▶ HOW TO COMPLETE THIS TASK
Skipping all pictures, please restate word for word the lines from the one that contains "Cashmere cable vest (Brown)" through the last line of the entries.

▶ DATA TO USE

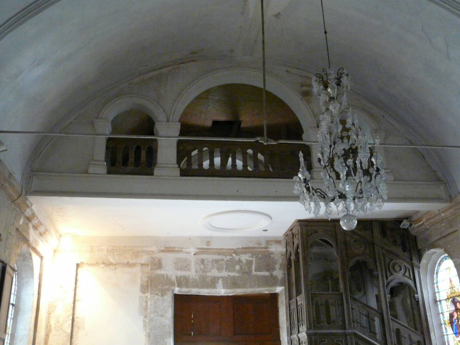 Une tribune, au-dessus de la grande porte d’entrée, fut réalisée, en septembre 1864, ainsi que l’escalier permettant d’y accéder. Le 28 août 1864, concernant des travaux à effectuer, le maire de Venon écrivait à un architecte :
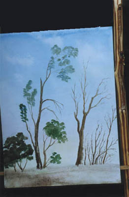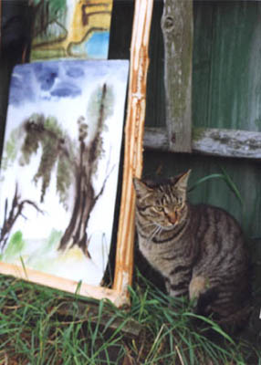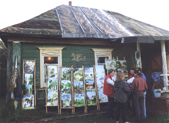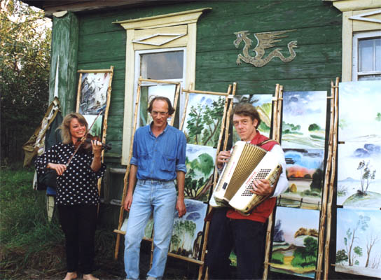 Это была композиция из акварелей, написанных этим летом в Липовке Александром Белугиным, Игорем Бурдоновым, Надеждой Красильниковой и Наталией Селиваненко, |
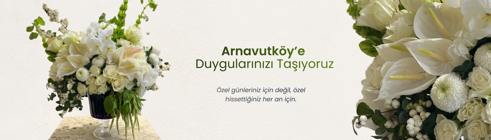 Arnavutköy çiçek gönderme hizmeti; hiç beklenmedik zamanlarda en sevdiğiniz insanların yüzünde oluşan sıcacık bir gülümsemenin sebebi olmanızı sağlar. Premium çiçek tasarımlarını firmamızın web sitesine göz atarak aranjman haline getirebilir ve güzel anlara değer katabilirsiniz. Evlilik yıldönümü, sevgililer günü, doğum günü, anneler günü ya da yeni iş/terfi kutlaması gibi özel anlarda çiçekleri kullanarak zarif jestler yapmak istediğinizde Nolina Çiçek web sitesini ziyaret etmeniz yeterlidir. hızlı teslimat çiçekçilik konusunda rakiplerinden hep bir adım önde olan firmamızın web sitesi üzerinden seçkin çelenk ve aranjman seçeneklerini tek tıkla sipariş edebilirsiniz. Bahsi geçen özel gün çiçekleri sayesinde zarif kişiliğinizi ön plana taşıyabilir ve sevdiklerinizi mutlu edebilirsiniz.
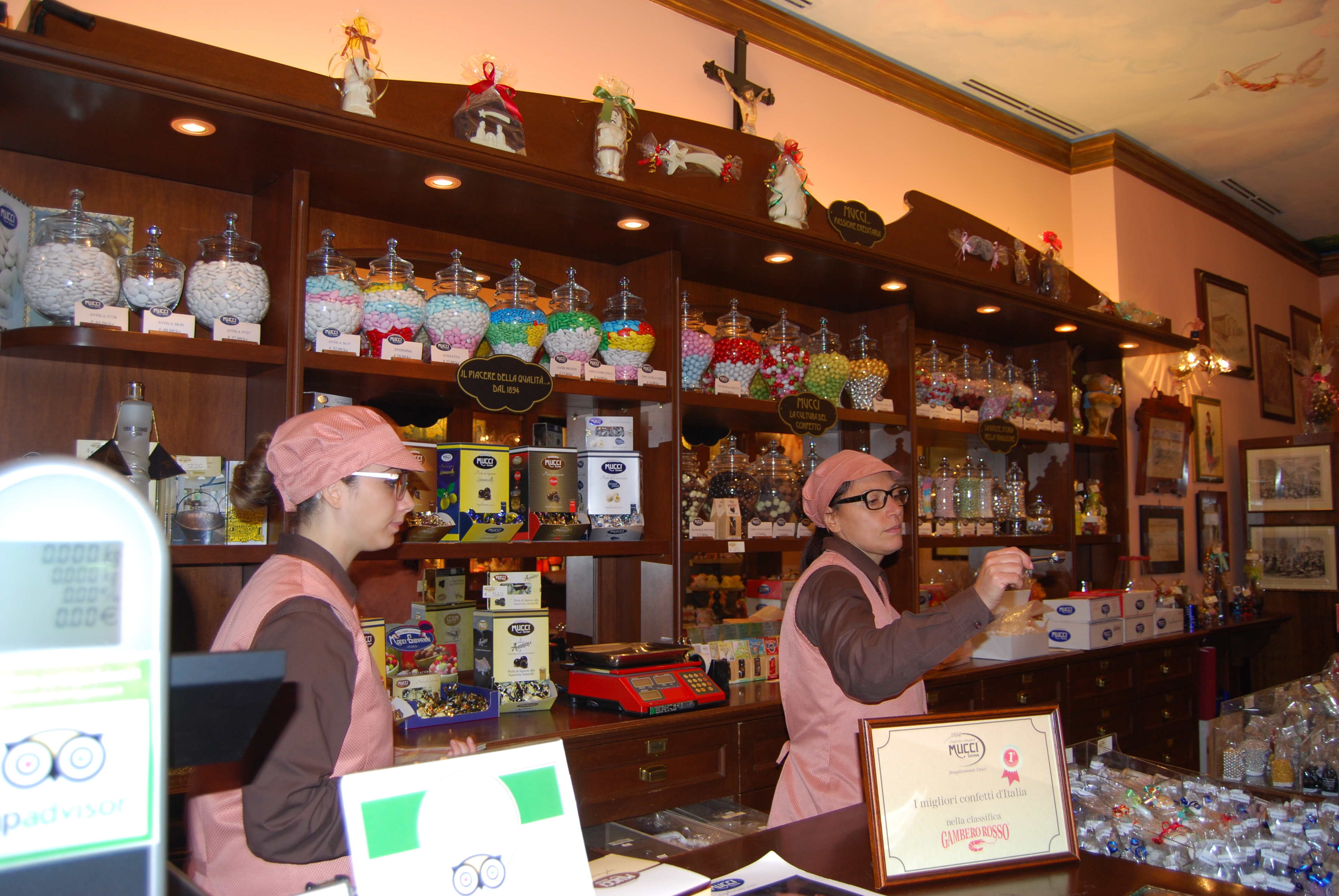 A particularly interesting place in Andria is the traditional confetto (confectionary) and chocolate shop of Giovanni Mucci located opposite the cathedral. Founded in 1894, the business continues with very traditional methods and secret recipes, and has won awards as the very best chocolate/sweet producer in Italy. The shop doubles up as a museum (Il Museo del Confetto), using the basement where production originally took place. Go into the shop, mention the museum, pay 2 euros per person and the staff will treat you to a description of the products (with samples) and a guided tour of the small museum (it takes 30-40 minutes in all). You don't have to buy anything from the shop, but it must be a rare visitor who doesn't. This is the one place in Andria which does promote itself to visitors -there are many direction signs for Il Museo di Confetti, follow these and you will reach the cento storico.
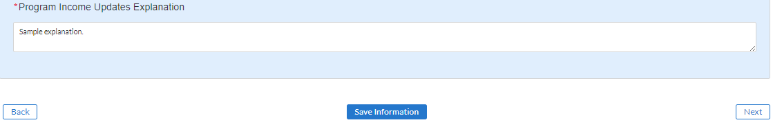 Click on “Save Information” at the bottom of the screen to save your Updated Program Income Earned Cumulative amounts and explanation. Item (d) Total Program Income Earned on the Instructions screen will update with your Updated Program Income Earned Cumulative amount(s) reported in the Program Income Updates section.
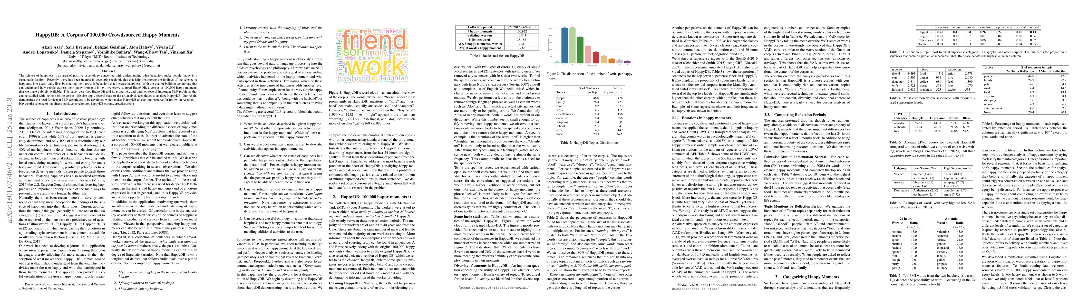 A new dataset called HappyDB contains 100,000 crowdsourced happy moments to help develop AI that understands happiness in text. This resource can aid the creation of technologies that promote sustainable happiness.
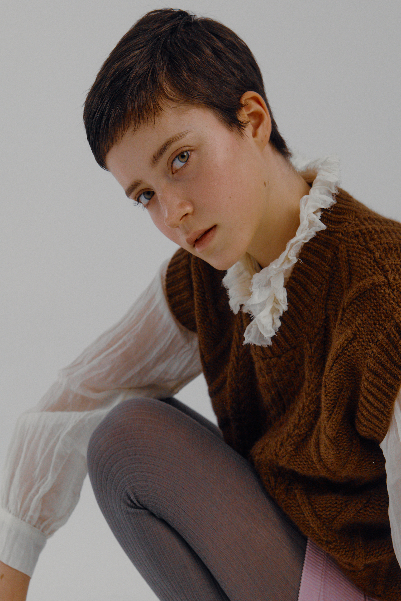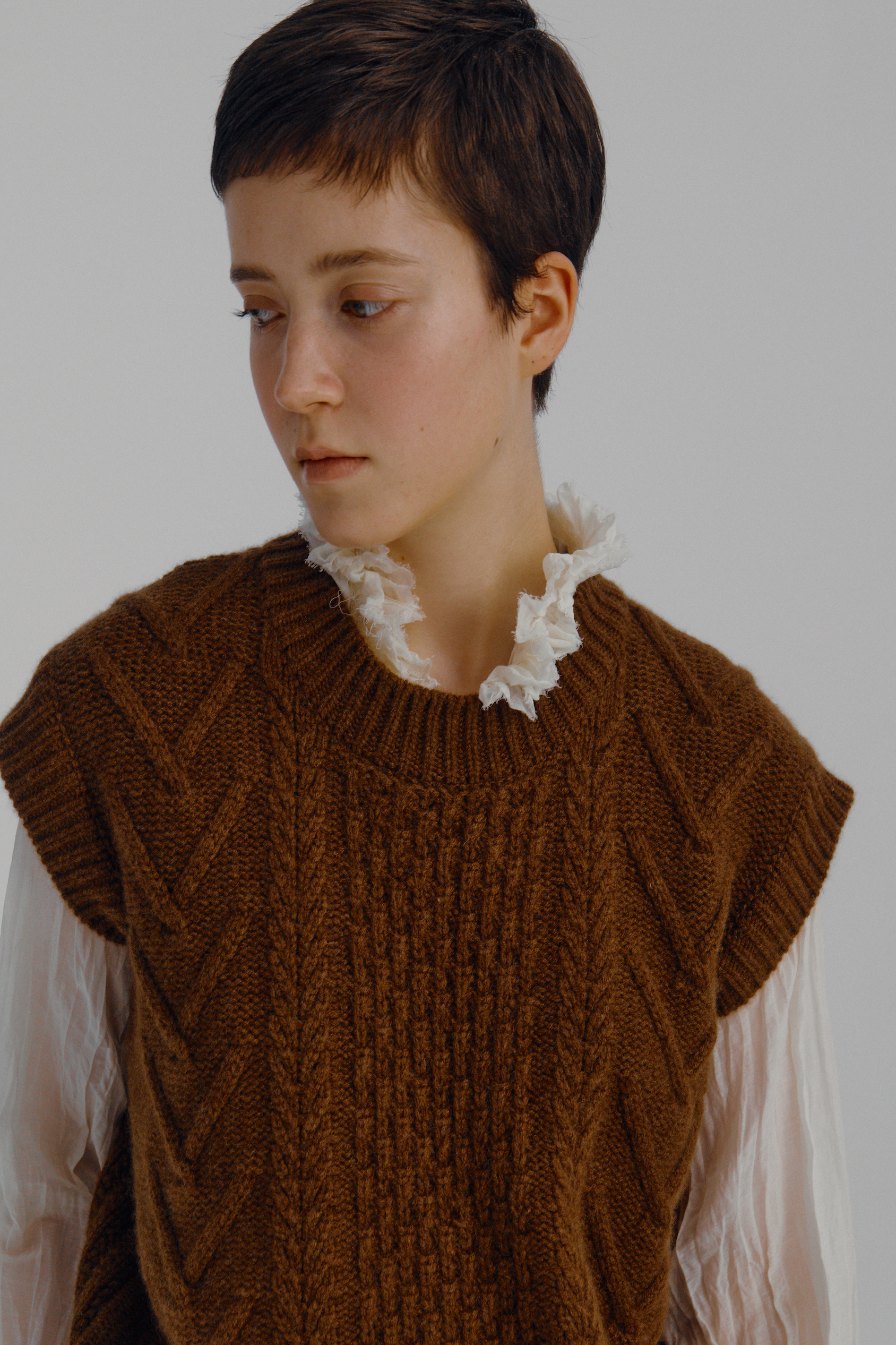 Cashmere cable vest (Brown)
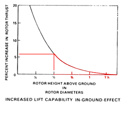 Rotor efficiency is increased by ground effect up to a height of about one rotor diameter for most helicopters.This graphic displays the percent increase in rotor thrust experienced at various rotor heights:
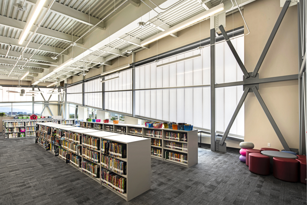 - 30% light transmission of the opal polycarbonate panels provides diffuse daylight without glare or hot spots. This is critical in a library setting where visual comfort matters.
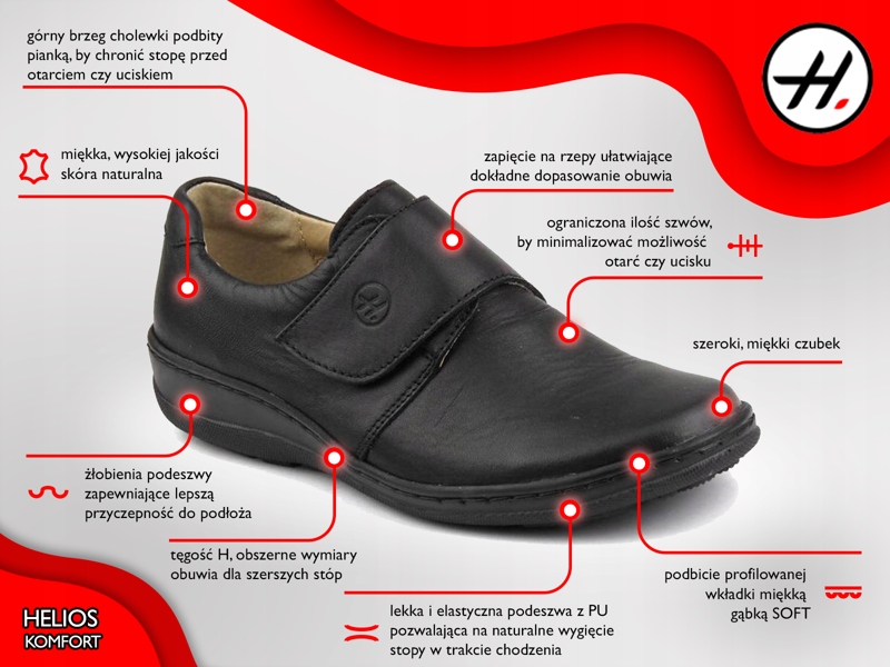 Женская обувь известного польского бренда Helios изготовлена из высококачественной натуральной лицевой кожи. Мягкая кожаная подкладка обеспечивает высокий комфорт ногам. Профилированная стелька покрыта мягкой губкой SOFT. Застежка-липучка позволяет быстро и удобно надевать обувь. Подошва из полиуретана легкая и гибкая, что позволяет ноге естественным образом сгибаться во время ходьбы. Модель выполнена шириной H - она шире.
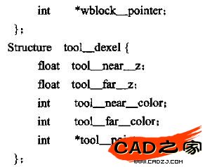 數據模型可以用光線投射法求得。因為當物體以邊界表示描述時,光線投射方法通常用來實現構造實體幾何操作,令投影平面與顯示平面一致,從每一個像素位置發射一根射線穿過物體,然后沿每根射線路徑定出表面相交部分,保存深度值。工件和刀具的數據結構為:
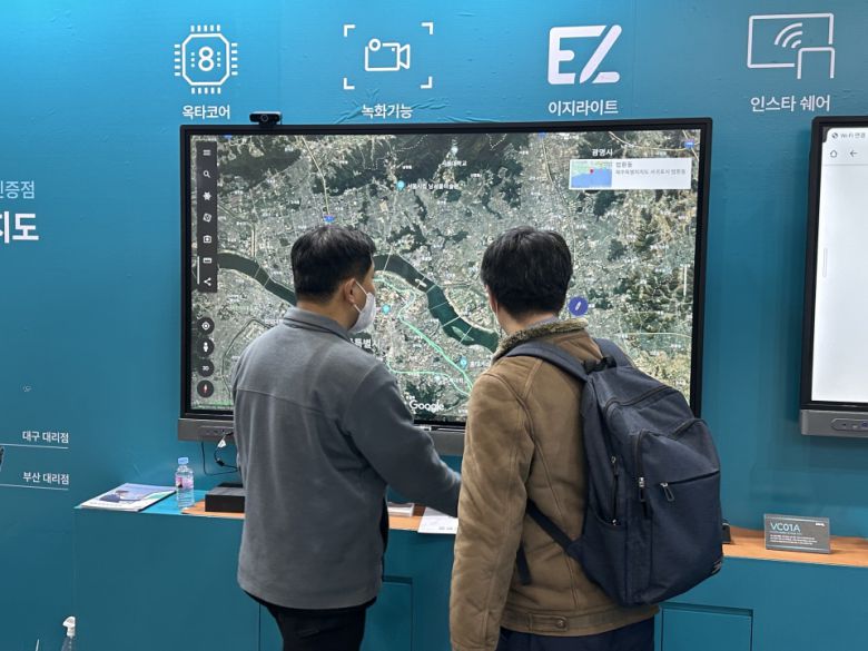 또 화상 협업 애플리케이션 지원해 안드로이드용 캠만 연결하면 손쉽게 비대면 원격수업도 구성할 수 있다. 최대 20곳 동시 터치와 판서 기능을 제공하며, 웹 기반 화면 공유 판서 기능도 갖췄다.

▶ ANSWER BOX
 Cashmere cable vest (Brown)
 Rotor efficiency is increased by ground effect up to a height of about one rotor diameter for most helicopters.This graphic displays the percent increase in rotor thrust experienced at various rotor heights:
 - 30% light transmission of the opal polycarbonate panels provides diffuse daylight without glare or hot spots. This is critical in a library setting where visual comfort matters.
 Женская обувь известного польского бренда Helios изготовлена из высококачественной натуральной лицевой кожи. Мягкая кожаная подкладка обеспечивает высокий комфорт ногам. Профилированная стелька покрыта мягкой губкой SOFT. Застежка-липучка позволяет быстро и удобно надевать обувь. Подошва из полиуретана легкая и гибкая, что позволяет ноге естественным образом сгибаться во время ходьбы. Модель выполнена шириной H - она шире.
 數據模型可以用光線投射法求得。因為當物體以邊界表示描述時,光線投射方法通常用來實現構造實體幾何操作,令投影平面與顯示平面一致,從每一個像素位置發射一根射線穿過物體,然后沿每根射線路徑定出表面相交部分,保存深度值。工件和刀具的數據結構為:
 또 화상 협업 애플리케이션 지원해 안드로이드용 캠만 연결하면 손쉽게 비대면 원격수업도 구성할 수 있다. 최대 20곳 동시 터치와 판서 기능을 제공하며, 웹 기반 화면 공유 판서 기능도 갖췄다.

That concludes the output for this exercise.